Loehmann's Capital Corp., the parent of the off-price chain, commenced voluntary “pre-negotiated” Chapter 11 proceedings in the U.S. Bankruptcy Court for the Southern District of New York.

Loehmann's said it took this action after reaching agreement with Whippoorwill Associates, Inc., which represents approximately 70% of its senior secured notes, and its equity sponsor, Istithmar World, on the framework of a restructuring plan that will substantially reduce the company's debt and recapitalize its balance sheet.

The supporting noteholders have agreed, among other things, to vote in favor of the company's pre-negotiated plan and exchange their notes for common equity. In addition, Istithmar World and Whippoorwill have agreed, subject to the satisfaction of certain conditions, to invest an aggregate amount of $25 million in the Company upon its emergence from Chapter 11 in the form of a convertible preferred equity stake. 

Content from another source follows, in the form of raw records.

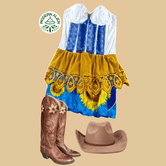 Sunflower Corset Midi Dress β Handmade & Upcycled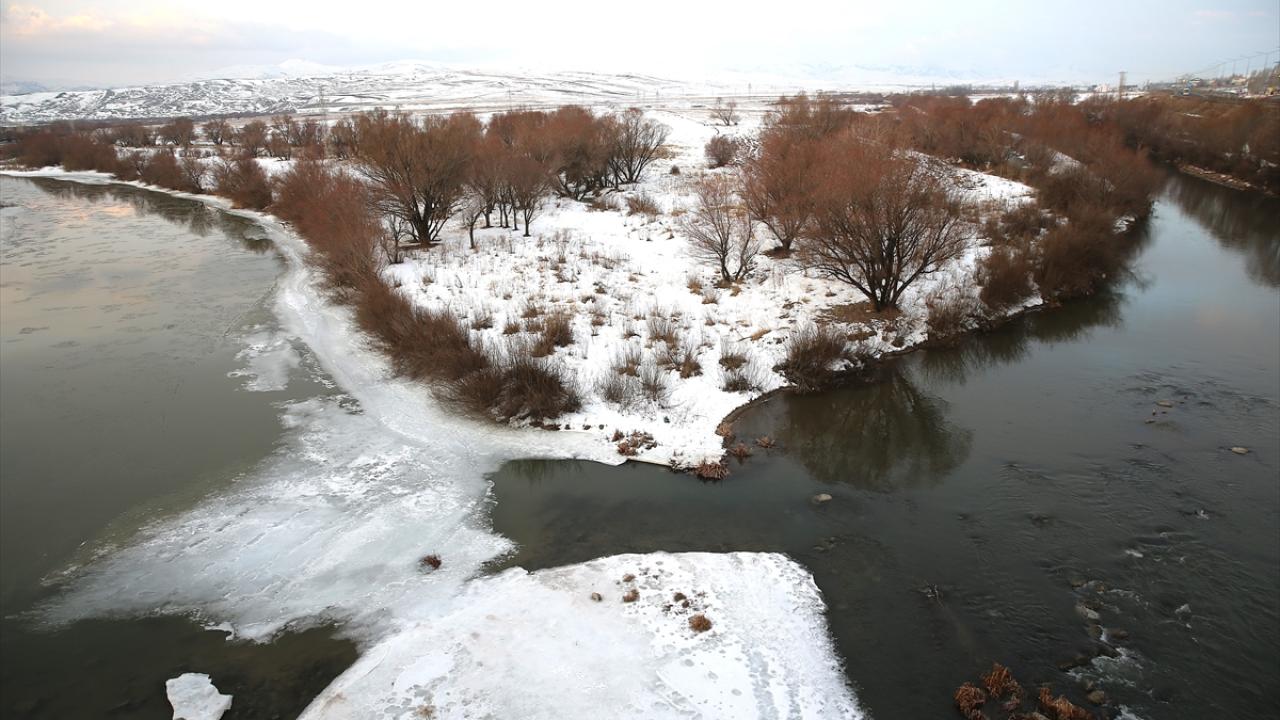 İlhanlı Devleti döneminde Erzurum'un Köprüköy ilçesinde yaptırılan tarihi Çobandede Köprüsü, karla kaplanan çevresi ve altından geçen suyun kısmen buz tutan haliyle güzel görüntü oluşturdu.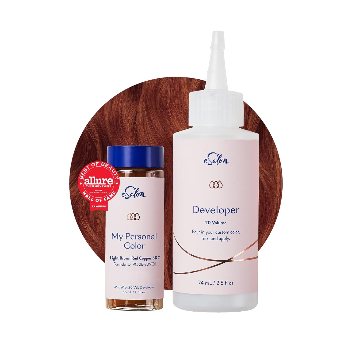 eSalon Permanent Hair Color & Hair Dye Complete Kit - Personal Colorist Kit for Up To 100% Gray Coverage for All Hair Types - Professional-Grade Ammonia-Free Hair Dye (Light Brown Red Copper 6RC)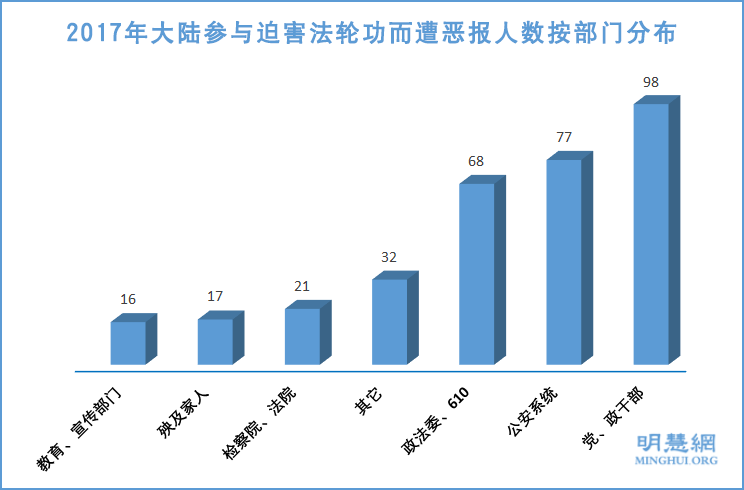 ![]() 图3:二零一七年大陆参与迫害法轮功而遭恶报人数按部门分布 |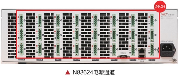 N83624在19英寸3U机箱内集成了高达24个可串联的电源通道,为BMS、CMS及类似大规模高密度生产等场景下的ATE测试系统提供了极为紧凑的解决方案。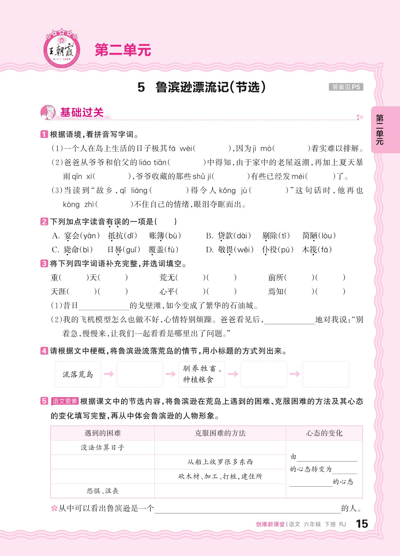 2024春下册六年级语文人教版 第二单元 外国文学名著——5. 鲁滨逊漂流记(节选)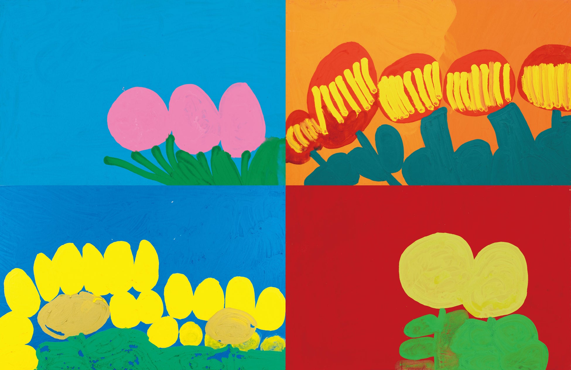 大胆な画面の構成と筆の運びとは相反し、温かみと優しさを感じさせる作品の数々。本展では、これまで福井氏が描きためてきた作品のうち、約20作品を展示し、ギャラリーを鮮やかに彩ります。会場では花がモチーフの作品の他、福井氏の手から生まれる「福井フォント」と呼ばれる作品もご紹介します。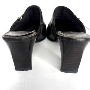 These Liz Claiborne Flex mules are the perfect blend of style and comfort, featuring a rich dark brown leather upper with a sleek buckle detail. The 3" wooden heels add a touch of sophistication, making these versatile mules ideal for work, casual outings, or dressier occasions.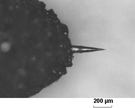 次に、含浸電極型液体金属イオン源の作製法について述べる。材料のタングステンパイプは外形〜2mm、内径〜1.5mm、長さ18mmである。銅の細い棒(外形はタングステンパイプの内径に相当する)にCVD装置でタングステンを厚く成膜し、銅部分を化学的なエッチングで取り除き成型したものである。粒径が10μmと100μmのタングステン粉末をニトロセルロースを20%含むアセトン溶液で充分練り、タングステンパイプの一方に盛る。外径が250μmのタングステン針を盛り上げた粉末に刺し、図3−5に示すような形状を形成する。乾燥させた後、1300℃の水素炉に1〜2分入れ、軽く焼結する。次に、0.1〜1NのNaOH水溶液に先端の針(ニードル)を入れ、水溶液中の銅電極とイオン源構造体間にAC2〜10V程度を印加し、電解エッチングによりニードル先端を0.1μm以下の曲率半径になるように加工した。このようにして作製したイオン源構造体の先端部分の写真を図3−6に示す。
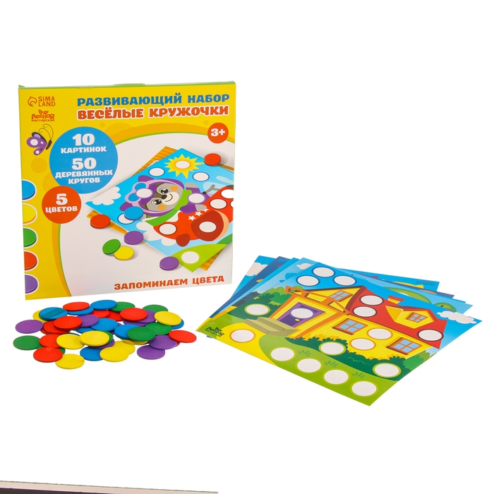 Развивающий набор "Весёлые кружочки. Запоминаем цвета" - 10 ярких картинок, 50 деревянных кругов, 5 основных цветов для игры и обучения!

Under the terms of the restructuring support agreement between the parties, Series A noteholders would receive approximately 42.4% of the reorganized equity, Series B holders will receive 8.6% of the reorganized equity and new investors will receive 49.1% of the reorganized equity, all on a fully converted basis, subject to dilution for any new equity issued as part of a management incentive plan.  The recovery to unsecured creditors is not estimated at this time pending the filing of claims by such creditors.

In addition, Loehmann's has obtained a commitment from its existing credit facility lender, Crystal Financial, to provide a $45 million debtor-in-possession financing facility. The company expects to complete its pre-arranged restructuring and emerge from Chapter 11 during the first quarter of 2011.  The proposed Chapter 11 restructuring is subject to a number of conditions, including execution of definitive documentation, receipt of necessary creditor votes and approval by the bankruptcy court.

Given these capital commitments, the company will have sufficient liquidity and the financial flexibility to fund daily operations without interruption, including payments to essential vendors, customers and employee obligations.

The company has hired Perella Weinberg Partners as its investment banking financial advisor, Togut, Segal & Segal LLP as Chapter 11 counsel, and Clear Thinking Group as operational consultants to assist in its restructuring efforts.